Income Tax Provision.  The income tax provision represents federal, foreign,
state and local income taxes. Our effective tax rate will change from period to
period based on various factors including, but not limited to, the geographic
mix of earnings, the timing and amount of foreign dividends, enacted tax
legislation, state and local taxes, tax audit findings and settlements, and the
interaction of various global tax strategies.

The income tax provision and effective tax rate for the three months ended
July 2, 2022 were $38.8 million and 23.9%, respectively, compared to $45.3
million and 21.6%, respectively, for the three months ended June 26, 2021. The
$6.5 million decrease in our income tax provision was driven by the decline in
our pretax income, partially offset by a 230 basis point increase in our
effective tax rate. The increase in our effective tax rate was primarily due to
the absence of prior year deferred tax adjustments of certain deferred tax
liabilities, partially offset by a favorable change for audit related
adjustments. See Note 9 to the accompanying consolidated financial statements.

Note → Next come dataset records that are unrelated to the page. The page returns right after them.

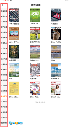 2、在期刊分类里找到“外文期刊”专区,能按照学科领域或者首字母来检索想要找的刊物。
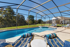 Large private South-West facing heated pool and spa with gorgeous conservation outlook. A fabulous way to relax, wind down and cool off after returning from the theme parks, golf course or other fabulous activities that central Florida offers. The Covered Lanai with fan provides a shaded area to casually dine and relax. For those staying with children there is a Pool Safety fence provided for your use.
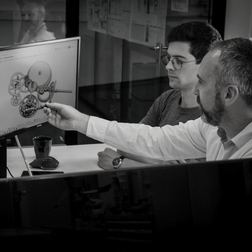 从工程设计、研发、加工和组装,全都在我们瑞士比尔的工厂进行,这里是所有制表魅力的发源地。我们的团队精简、极富超高效率与创新精神,致使我们的价格从设计开始到腕表轮廓,甚至是机芯到最终成品都能优于市场对手。我们的团队虽然不大但仍持续扩展,成员有-- Jonas, Silvan, Lenny, Laurent, Florian, Antoine, Pascal and Markus -- 每年可生产3000多只K1机芯,同时致力于未来新机芯的研究开发,并提供第三方品牌服务,持续在钟表领域中与时俱进。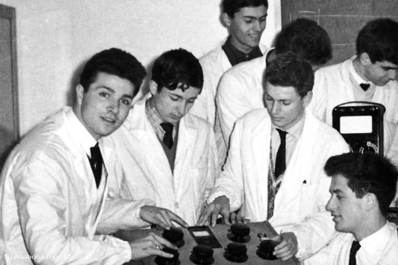 Splendida foto che ritrae alcuni studenti di quintadel corso di Chimica all'Istituto Tecnico Industriale Tito Sarrocchi.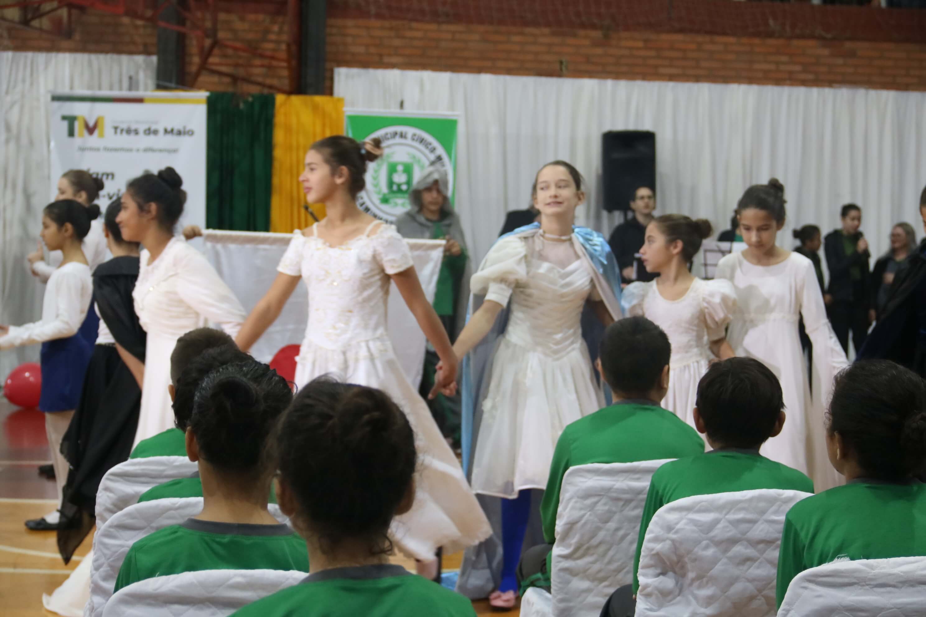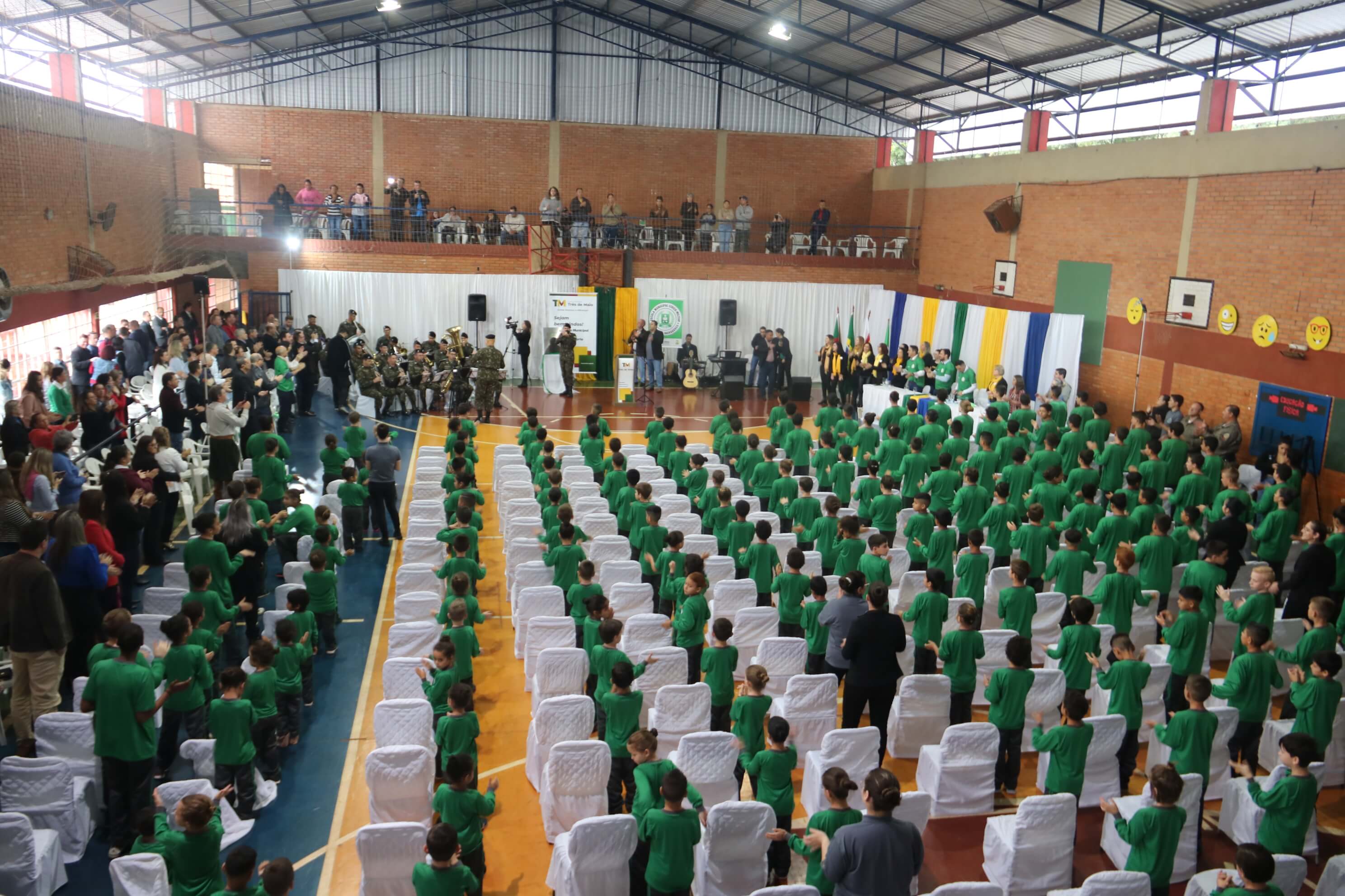 Os Hinos do Brasil, de Três de Maio e do Rio Grande do Sul, foram entoados pelos presentes ao som da Banda de Música do 1º Batalhão de Comunicações de Santo Ângelo.

Net Income.  Net income decreased to $123.4 million for the three months ended
July 2, 2022, from $164.7 million for the three months ended June 26, 2021. The
$41.3 million decrease in net income was primarily due to the decline in our
operating income, partially offset by the decrease in our income tax provision,
both as previously discussed. Our operating results during the three-month
periods ended July 2, 2022 and June 26, 2021 were negatively impacted by net
restructuring-related charges, and certain other charges (benefits) totaling
$14.8 million and $10.4 million, respectively, which had an after-tax effect of
reducing net income by $11.2 million and $7.7 million, respectively.

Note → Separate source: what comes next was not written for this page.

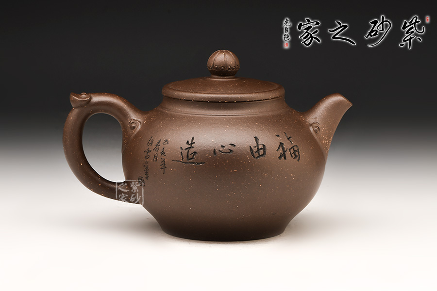 此壺傳統(tǒng)上融入現(xiàn)代創(chuàng)意,加之如意紋裝飾,造型古雅,色澤古樸,修整打磨精細(xì),整體渾厚大氣,于繁忙之余品茗,回味無窮!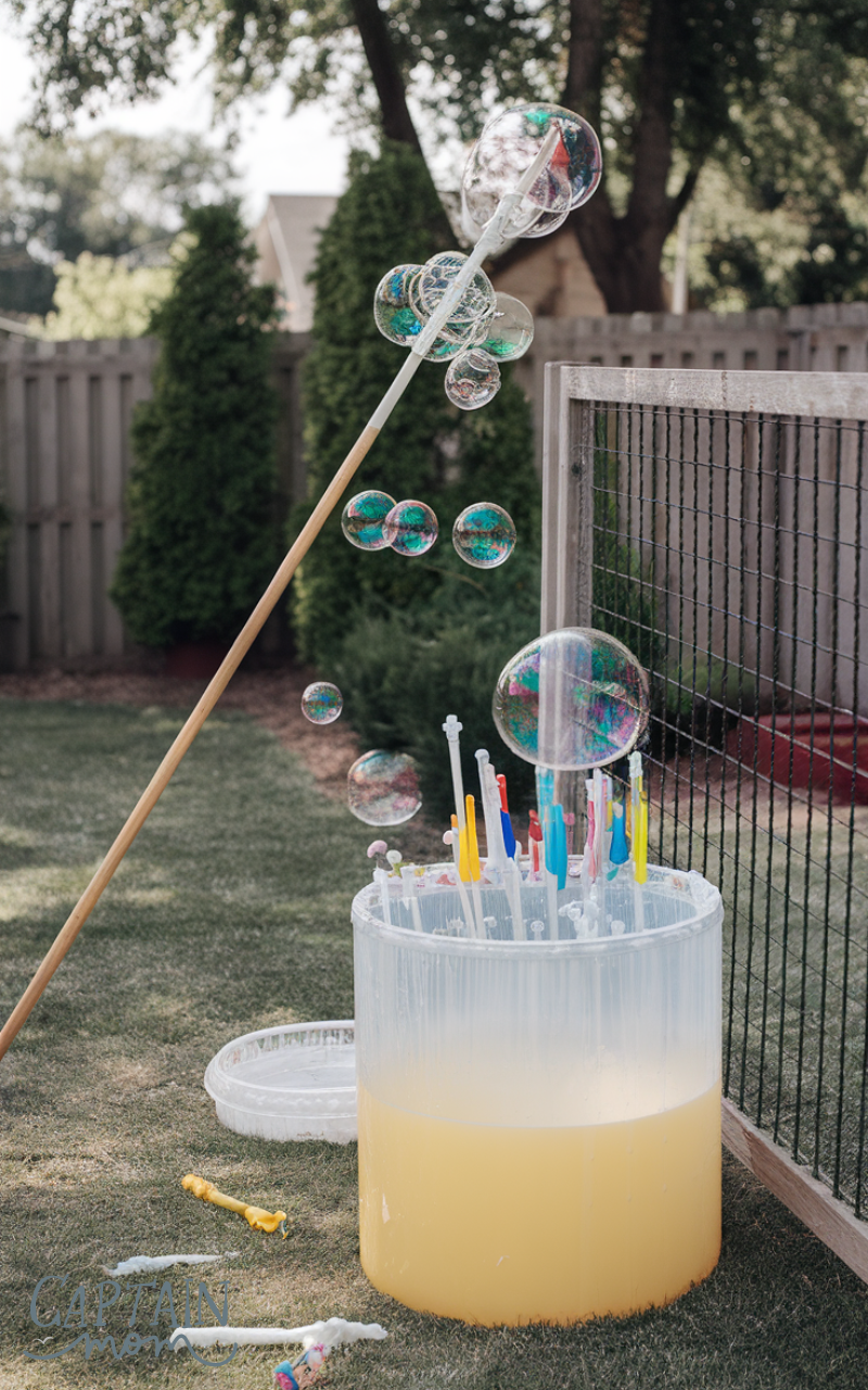Set up a bubble station with different sizes of bubble wands and soap solution — one of the easiest yet most magical outdoor fun backyard activities for kids at home. Kids love chasing and popping bubbles, and you can even make giant bubbles with DIY wands. It’s light, cheerful play time that keeps them laughing and moving. Bubble play encourages coordination and provides endless fun with minimal equipment.

Net Income per Diluted Share.  Net income per diluted share decreased to $1.73
for the three months ended July 2, 2022, from $2.18 for the three months ended
June 26, 2021. The $0.45 per share decrease was driven by the lower level of net
income, as previously discussed, partially offset by lower weighted-average
diluted shares outstanding during the three months ended July 2, 2022 driven by
our share repurchases during the last twelve months. Net income per diluted
share for the three-month periods ended July 2, 2022 and June 26, 2021 were also
negatively impacted by $0.15 per share and $0.11 per share, respectively,
related to net restructuring-related charges, impairment of assets, and certain
other charges (benefits), as previously discussed.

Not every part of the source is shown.